> **Data provided**:

══════════════════════════════

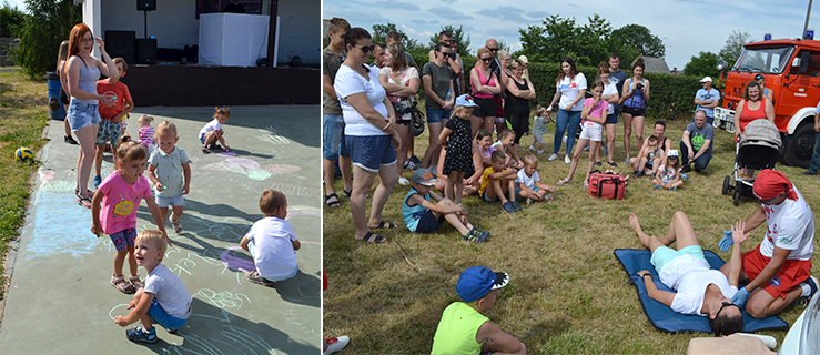 Na boisku strażacy zraszają wodą, ratownicy WOPR uczą, jak udzielać pierwszej pomocy, dzieci ustawiają się w kolejce do malowania twarzy i tworzą na parkiecie malunki, a chętni mieszkańcy korzystają z kawiarenki. Sołtys przyznaje, że organizacja takiej imprezy, nie była sprawą łatwą, ale „poszło całkiem sprawnie”.
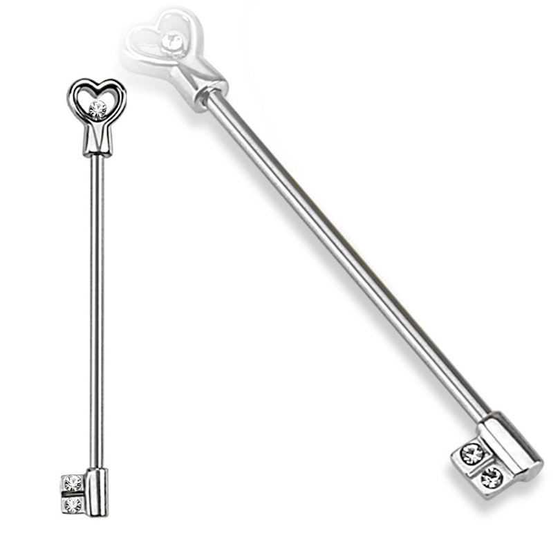 Bela, brilhante e elegante, esta barra industrial é perfeita para a sua orelha. O seu desenho é simplesmente muito doce e feminino: uma chave com um coração. Nos dentes da chave existem dois pequenos brilhantes e também no coração.
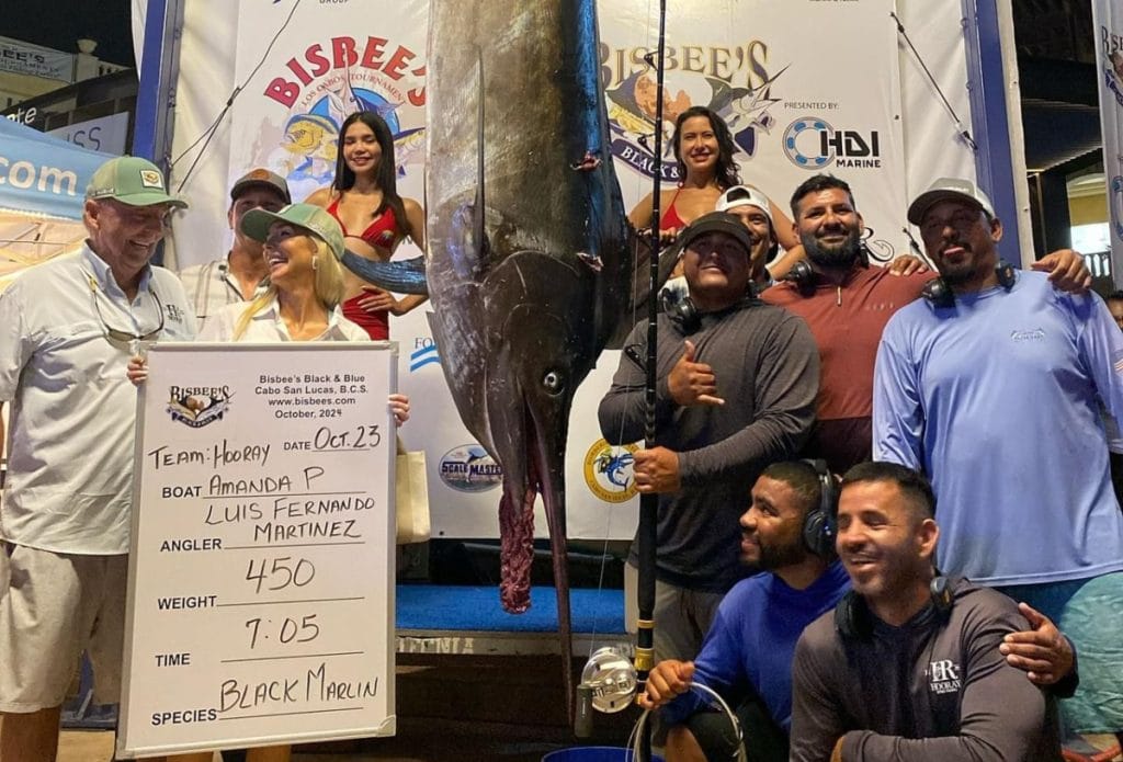 The leaderboard at Bisbee’s Black and Blue tournament is heating up! At press time, a whopping 450-pound marlin caught by the “Hooray” boat team is leading the pack on day one. This team of anglers—hailing from right here in Cabo, Costa Rica, and the U.S.—reeled in the monster marlin earlier today, scooping up a jaw-dropping $1.5 million of the estimated $7 million total purse for the tournament.

══════════════════════════════

> **Task brief**: An exact copy of the listing above is to be set down, with no pictures in it.

> **Solved problem**:
 Na boisku strażacy zraszają wodą, ratownicy WOPR uczą, jak udzielać pierwszej pomocy, dzieci ustawiają się w kolejce do malowania twarzy i tworzą na parkiecie malunki, a chętni mieszkańcy korzystają z kawiarenki. Sołtys przyznaje, że organizacja takiej imprezy, nie była sprawą łatwą, ale „poszło całkiem sprawnie”.
 Bela, brilhante e elegante, esta barra industrial é perfeita para a sua orelha. O seu desenho é simplesmente muito doce e feminino: uma chave com um coração. Nos dentes da chave existem dois pequenos brilhantes e também no coração.
 The leaderboard at Bisbee’s Black and Blue tournament is heating up! At press time, a whopping 450-pound marlin caught by the “Hooray” boat team is leading the pack on day one. This team of anglers—hailing from right here in Cabo, Costa Rica, and the U.S.—reeled in the monster marlin earlier today, scooping up a jaw-dropping $1.5 million of the estimated $7 million total purse for the tournament.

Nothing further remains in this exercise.